## EXERCISE DESCRIPTION
Skip the pictures. Output only the lines below starting at the line with "Мощный компьютер (системный" and ending at the line with "Příběh malých zvířátek, která", both ends included, exactly as they are.

(Stored entries)
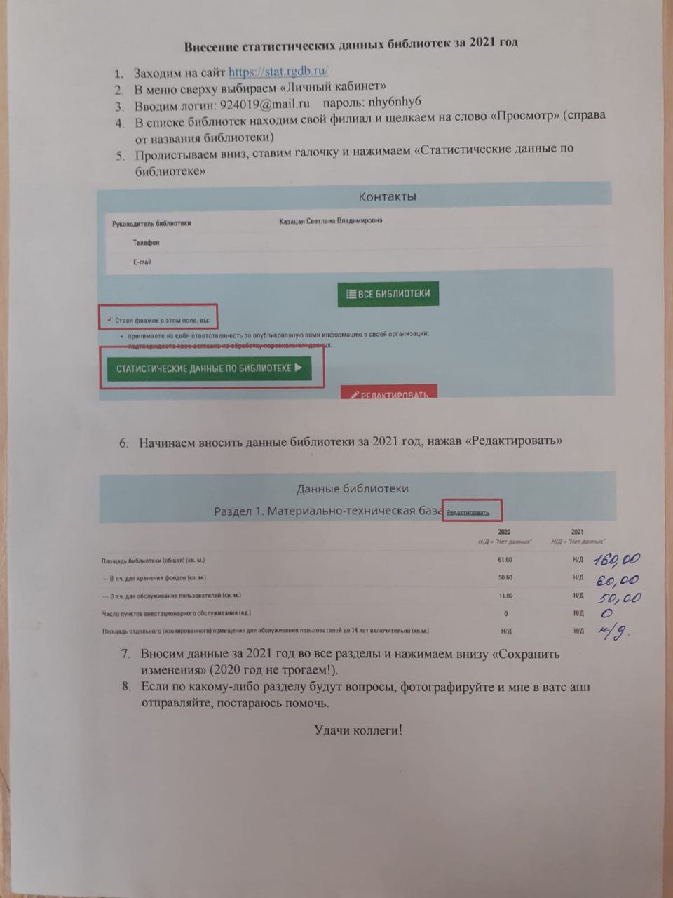 ЗАПОЛНЕНИЕ СТАТИСТИЧЕСКИХ ДАННЫХ НА ПОРТАЛЕ РГДБ
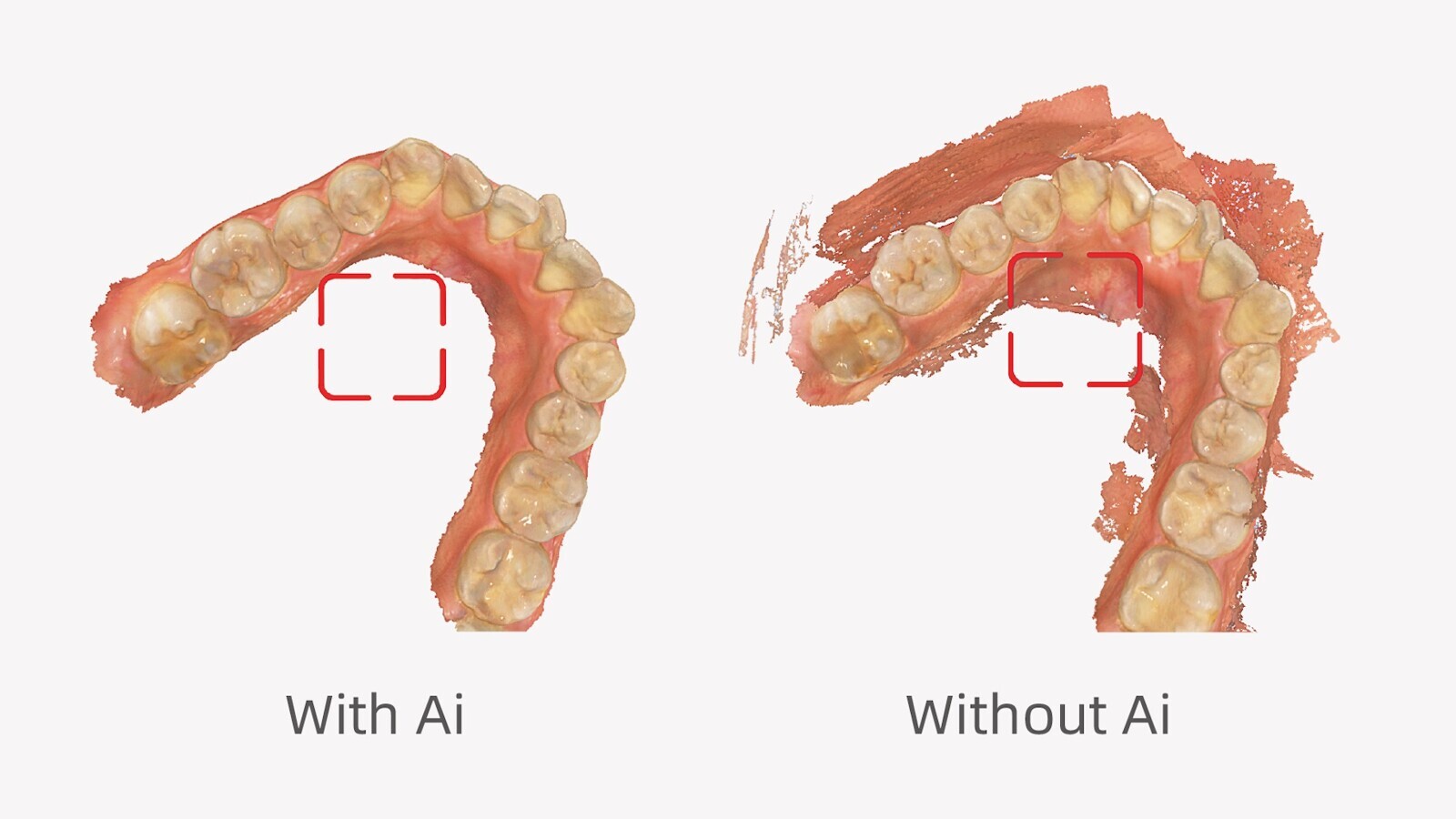 El escáner Aoralscan 3 de SHINING 3D cuenta con la función de Inteligencia Artificial, que permite que no se capten dedos, lengua, labios, espejos, retractores o cualquier artefacto diferente a dientes y periodonto.
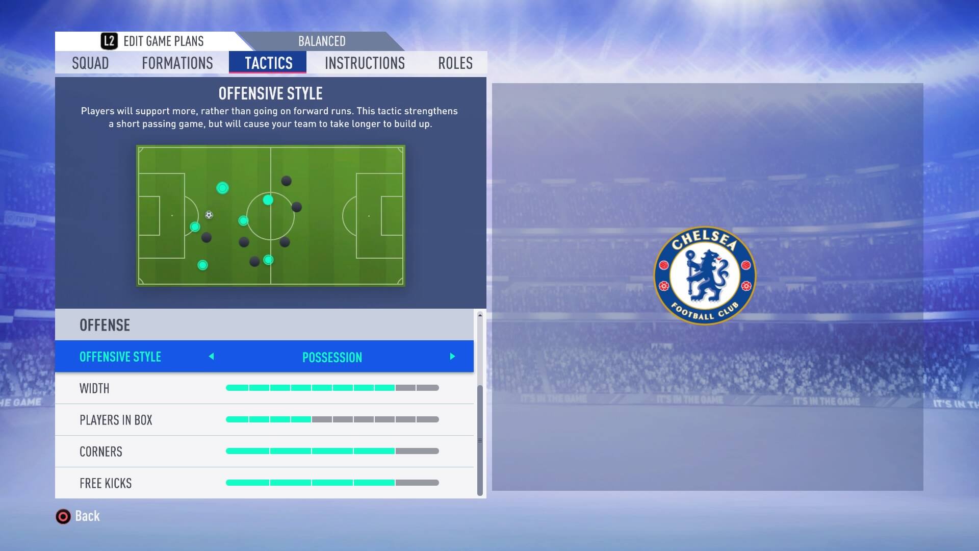 Quando le sue squadre hanno la palla, invece, Maurizio Sarri chiede un possesso di palla prolungato, ormai caratteristica tipica del suo gioco. In Stile d'attacco, quindi, bisognerà mettere proprio "Possesso palla". Diversa la gestione dell'ampiezza rispetto alla fase difensiva, quando si ha la palla gli esterni di Sarri giocano molto più larghi: bisognerà quindi mettere 8/10. Da gestire, invece, la presenza dei calciatori in attacco. Per 'giocatori in area' bisogna mettere 4/10, in modo da favorire poi l'inserimento degli altri calciatori in un secondo momento. Sui calci piazzati, invece, è consigliato mettere 4/5 per le persone da far entrare in area di rigore. Difficile riprodurre anche gli infiniti schemi di Sarri da calcio d'angolo, ma con tutte le impostazioni di FIFA 19 non bisognerà sorprendersi se qualcuno proverà a riprodurre anche quelli.
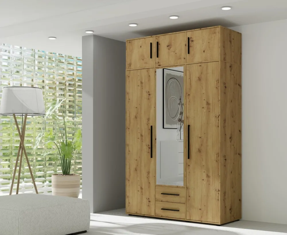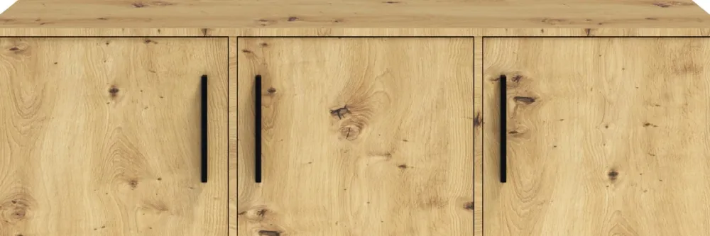 - Nadstawka MAXIDO w kolorze dębu artisan – idealne uzupełnienie szafy trzydrzwiowej, zapewniające dodatkowe miejsce do przechowywania. Trzy uchylne drzwi, solidna konstrukcja z płyty wiórowej 16 mm, czarne uchwyty, obrzeża ABS. Wymiary: 150x59x42,5 cm.
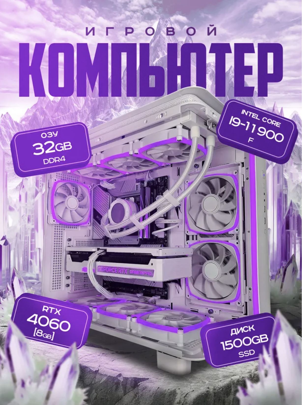 Мощный компьютер (системный блок) Intel i5 14400F /RTX4060 / 32GB/ SSD 1500 Gb/750W/Win 11 PRO
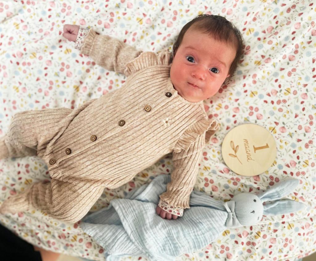 « Sur cette photo, Alba a 1 mois. J’essaie de prendre une photo chaque mois pour garder un souvenir pour plus tard. »
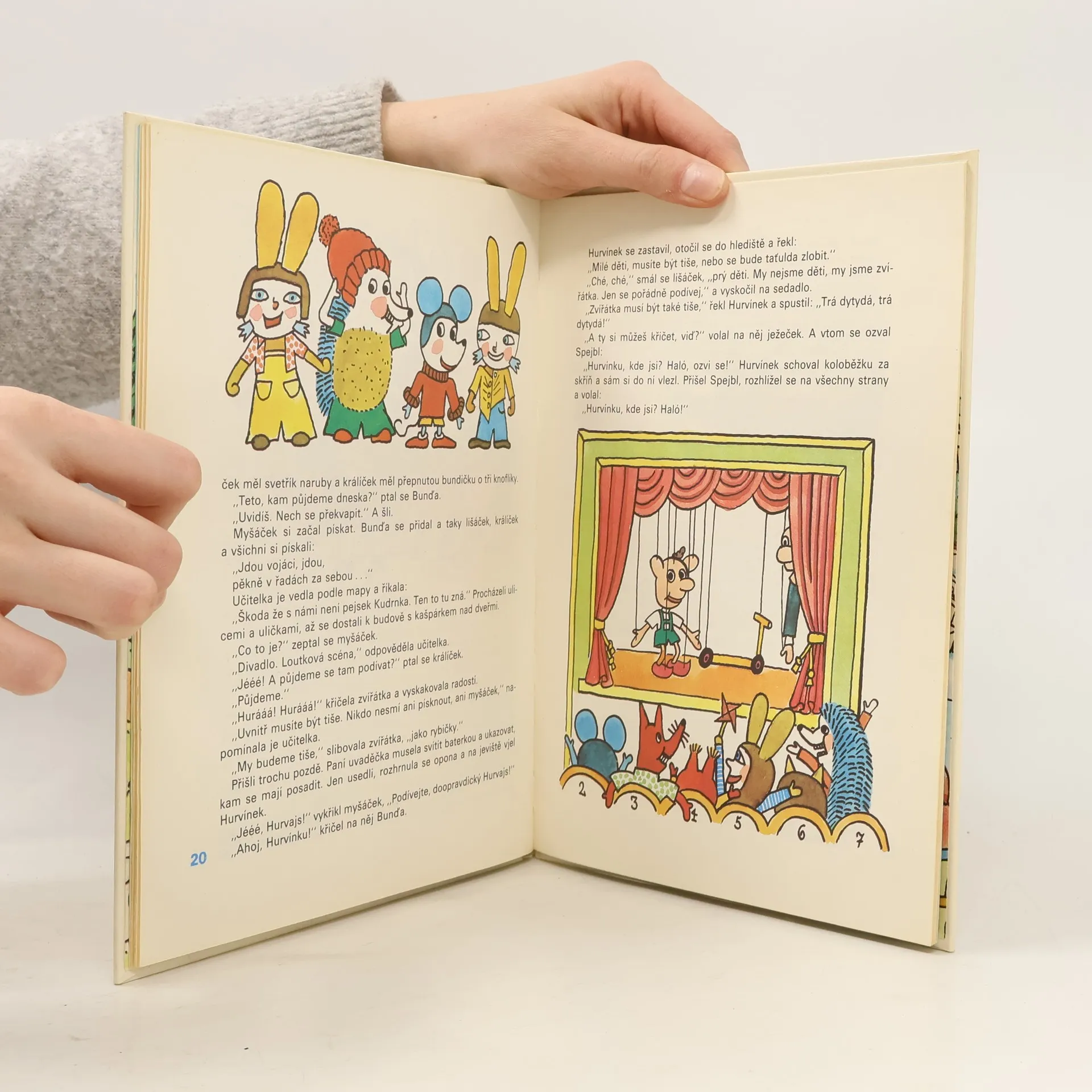 Příběh malých zvířátek, která jedou na školku v přírodě do Prahy a poznávají její krásy. Jdou do Národního muzea, divadla, jeli po eskalátorech. S ilustracemi Aloise Mikulky
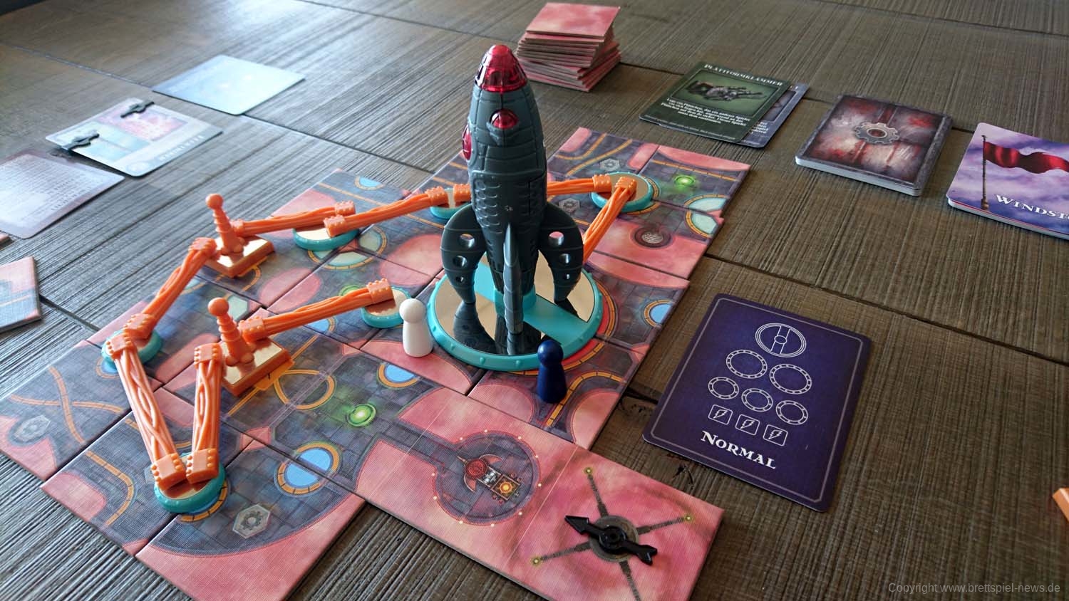 Das Spiel beginnt damit, dass die SpielerInnen sich für den Schwierigkeitsgrad entscheiden. Vom Anfänger bis Legendär habt ihr die Wahl. Der Unterschied der jeweiligen Schwierigkeitsgrade ist die Anzahl an Teilchen, die ihr für den Sieg im Kreis verbinden müsst. Verbunden werden müssen die Raketenplattform, kleine und große Kondensatoren sowie Blitzableiter. Bevor dies möglich ist, müssen diese Elemente erstmal auf das Spielfeld gebracht werden, das selbst erst einmal entdeckt werden will. Dafür stehen jeweils 4 Aktionen pro Zug und SpielerIn zur Verfügung. Nach dem Zug kommt jeweils eine Wetterphase, in der das Unwetter zuschlägt, und dadurch das Ende der Mission stetig vorantreibt.
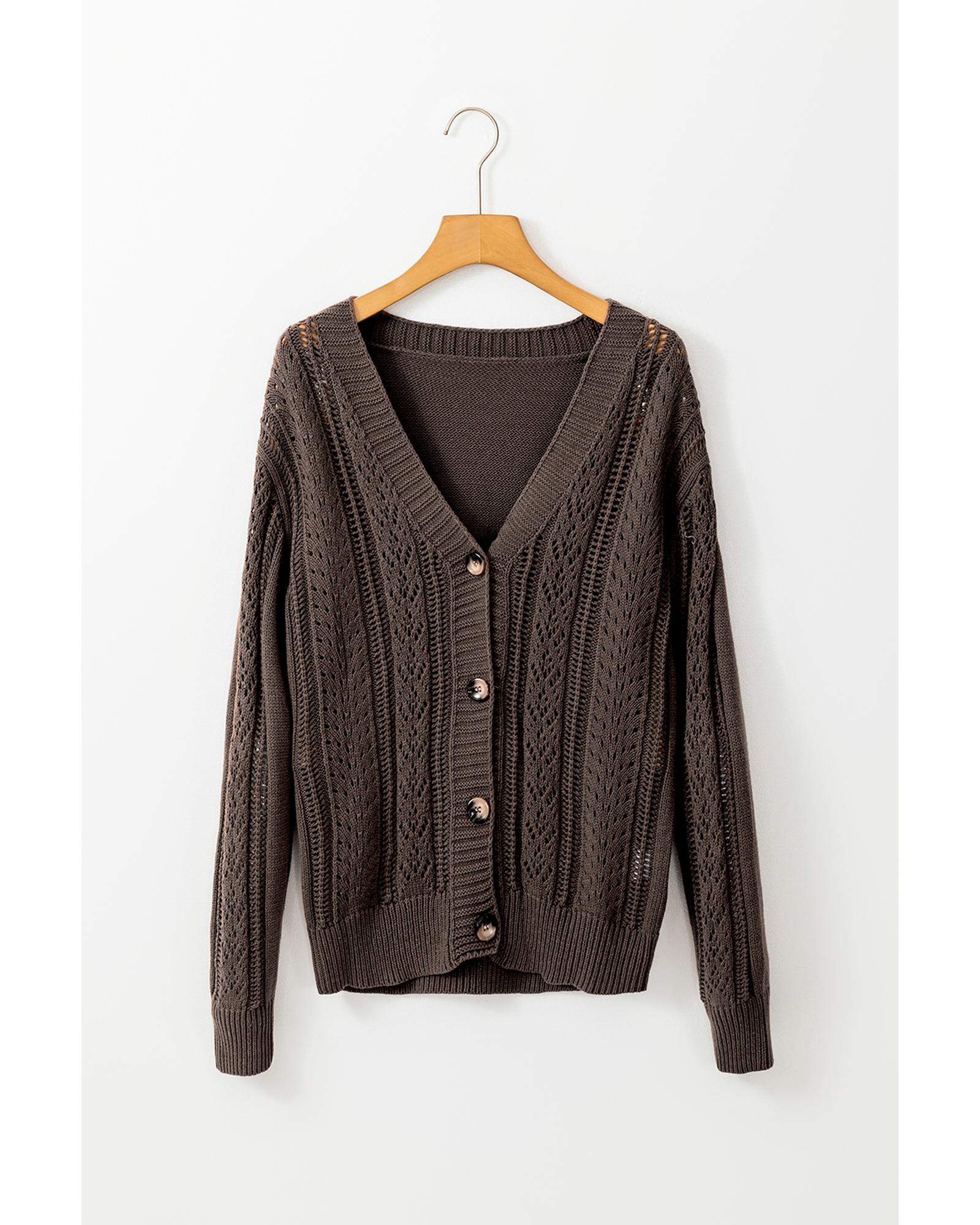 This open knit sweater cardigan features a relaxed, slouchy silhouette with drop shoulders, offering a versatile and stylish layer suitable for various occasions. Crafted from a soft and cozy fabric blend, it provides comfort and warmth for everyday wear.

## SOLUTION FOR THIS TASK
 Мощный компьютер (системный блок) Intel i5 14400F /RTX4060 / 32GB/ SSD 1500 Gb/750W/Win 11 PRO
 « Sur cette photo, Alba a 1 mois. J’essaie de prendre une photo chaque mois pour garder un souvenir pour plus tard. »
 Příběh malých zvířátek, která jedou na školku v přírodě do Prahy a poznávají její krásy. Jdou do Národního muzea, divadla, jeli po eskalátorech. S ilustracemi Aloise Mikulky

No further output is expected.